Ouça.  As vozes da África narram histórias através dos panos, removem a cegueira e resgatam nossas identidades dentro das muitas Áfricas. Áfricas devido, sobretudo, à enorme diversidade que o continente africano apresenta. Identidades no plural, frente a nossa capacidade de outrar-se.

Outrar-se, refere-se  ao fenômeno  de adotar várias personalidades. Ao nos perguntarmos quem somos nos colocamos, automaticamente, na posição de outro. Eu sou o que sou porque não sou o outro, mas, ao mesmo tempo, aquele outro me define. Reconhecer o outro, implica em articular uma trama onde a identidade deixa de ser algo fixo, torna-se fluída e gera múltiplas identidades.

Marca KUAVI ÁFRICA / Desfile BÉHNZIN em homenagem a independência de Benim (61anos) / Realização DJEMBE PRODUÇÕES E ENTRETENIMENTOS

Não fomos paridos pelo ventre de um navio negreiro. A oralidade rasga as emendas e temos acesso a nossa vida pregressa. Ao abrir a mala, a fratura é inevitável, eis o mosaico cultural, a diáspora. Um olhar mais atento acusa a falta de uma personagem tão participativa: a indumentária. É ela quem ocupa lugar entre as culturas deixando de ser um adereço temático, um elemento estrangeiro.

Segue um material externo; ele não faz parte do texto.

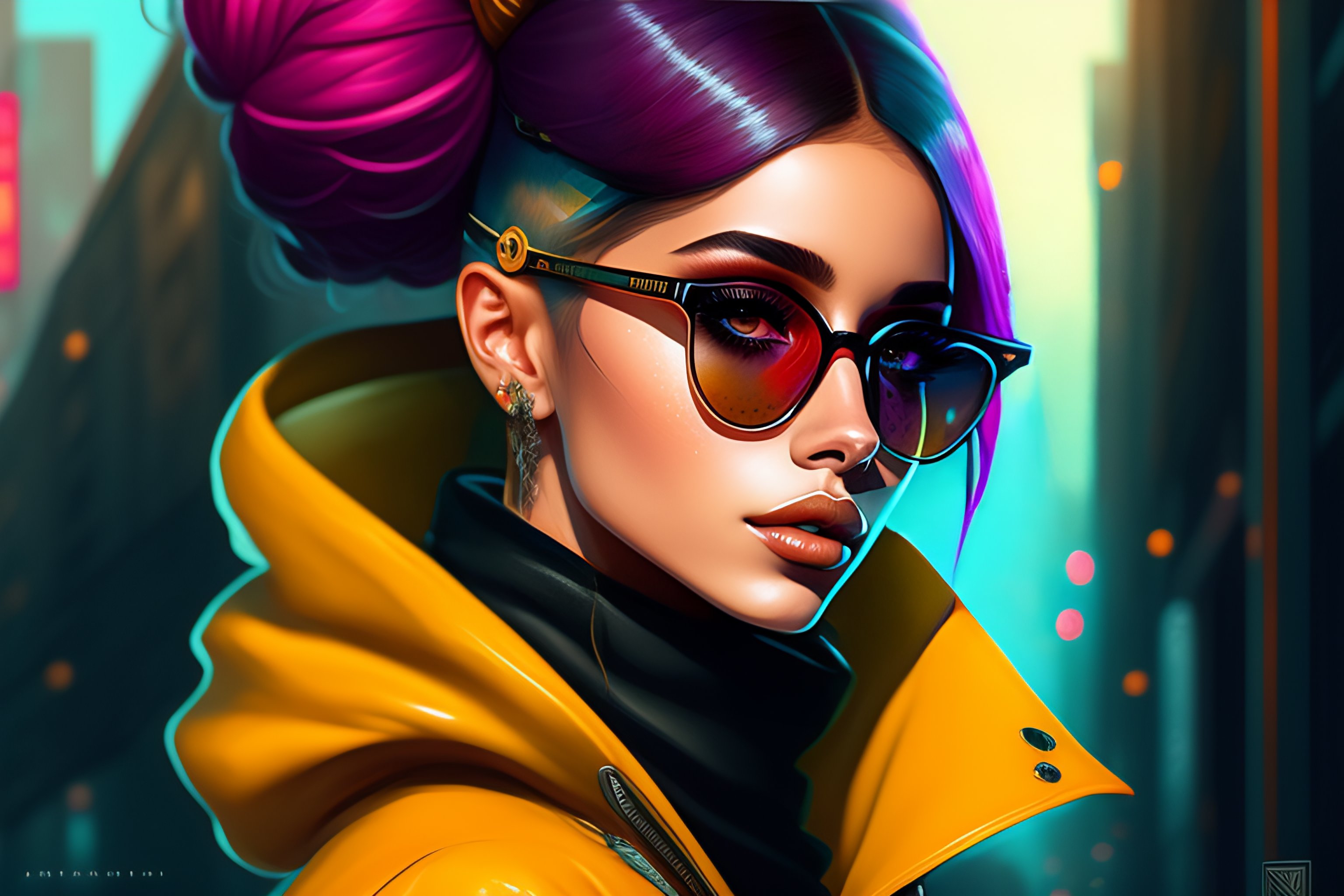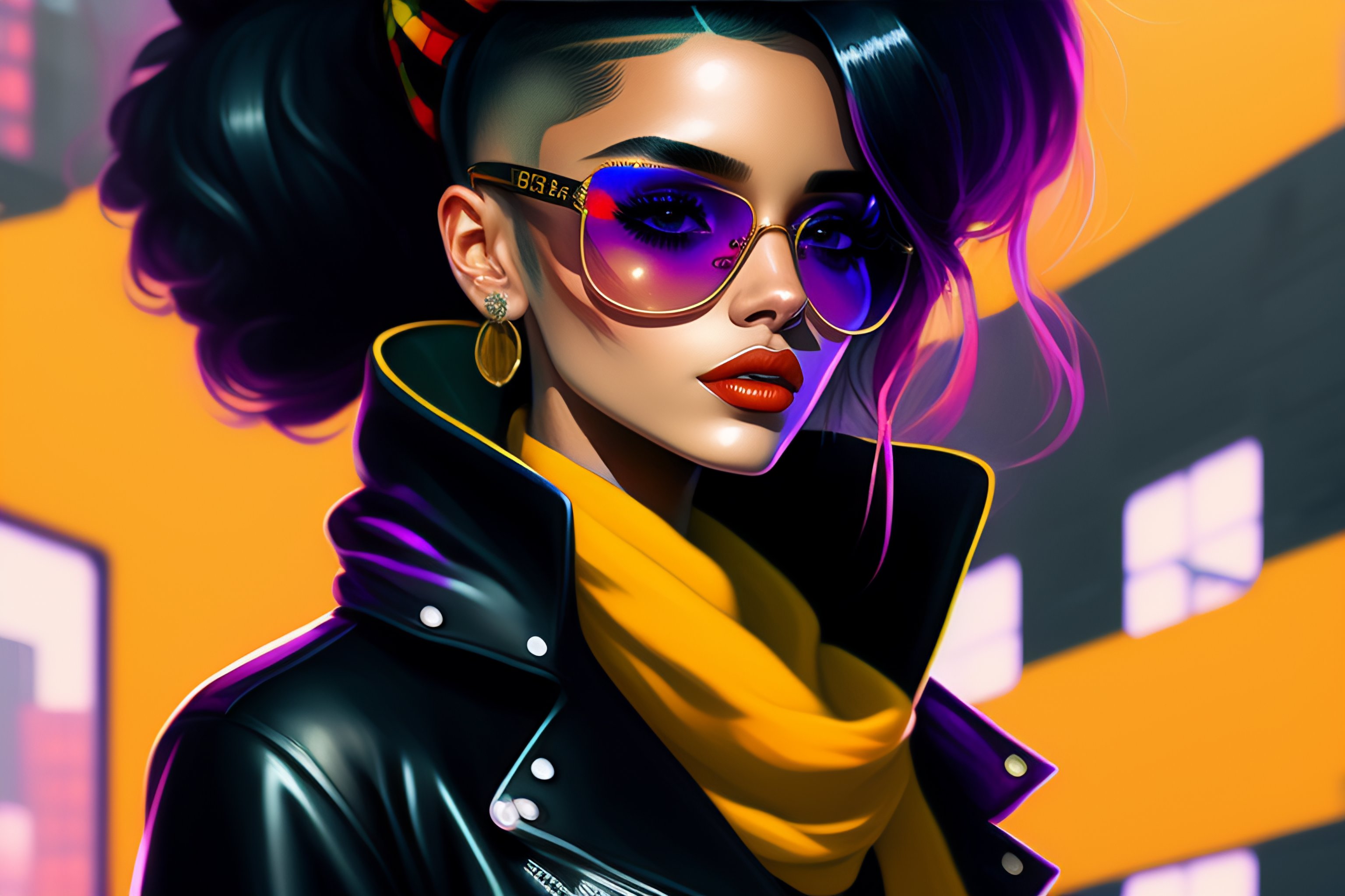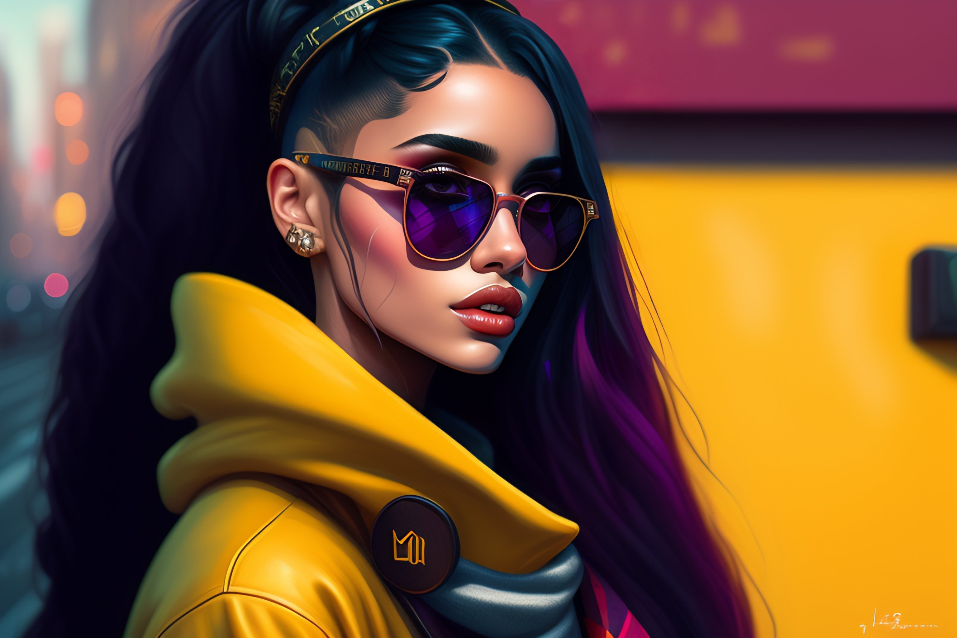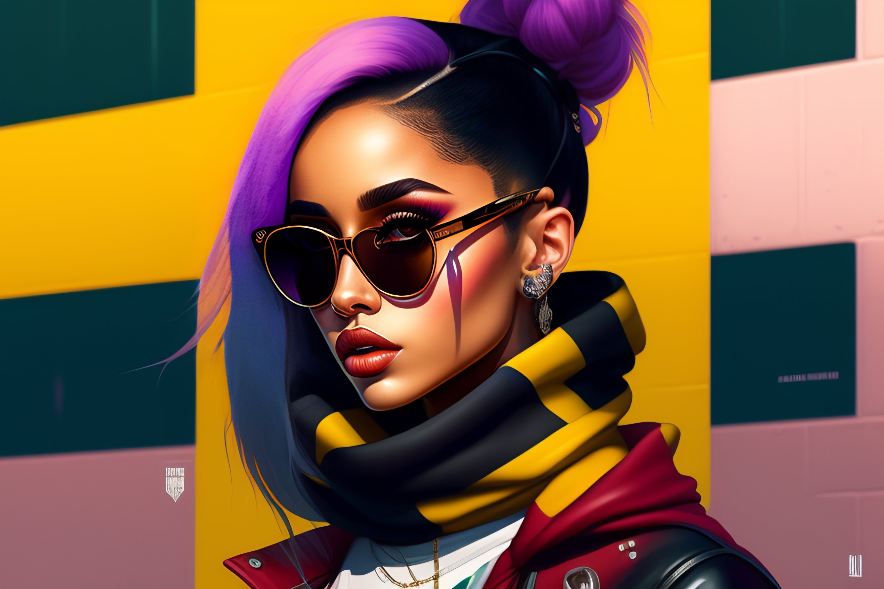 Highly detailed portrait of a sewer emo punk woman student like ariana grande, sunglasses, tartan scarf, by atey ghailan, by greg rutkowski, by greg tocchini, by james gilleard, by joe fenton, by kaethe butcher, gradient yellow, black, brown and magenta color scheme, grunge aesthetic!!! graffiti tag wall background
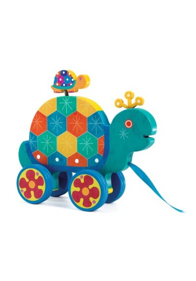 Gaspard est un jouet à traîner en forme de tortue avec son petit copain sur le dos, destiné aux enfants à partir de 18 mois. Il se dandine lorsqu’on le promène en le tirant par son ruban.

É fato que não podemos afirmar que toda população negra se identifique com suas raízes através da moda afro-brasileira devido a  hibridização cultural. Verdade seja dita, a indumentária africana nos conecta ao continente ancestral de uma maneira não-verbal.

Repensamos e remontamos versões, para além dos cacos que nos levam a construção de uma história única sobre nossa identidade e do ser-se negro costurada a tradição oral e à oralidade. A oralidade manifesta-se através do exercício de contar histórias.

E pensar que durante muito tempo julgou-se que escrita e cultura estariam necessariamente ligadas e que, portanto, povos sem escrita seriam povos sem cultura.

Cerca de 5 minutos a pé separam a estação do metro Vila Mariana e o prédio onde fica a loja do estilista Abbé Tossa, do Benim. Abbé veio ao  Brasil através de um intercâmbio para estudar Ciências Biológicas na Unifesp e, em 2018, lançou sua marca, a Kuavi África. 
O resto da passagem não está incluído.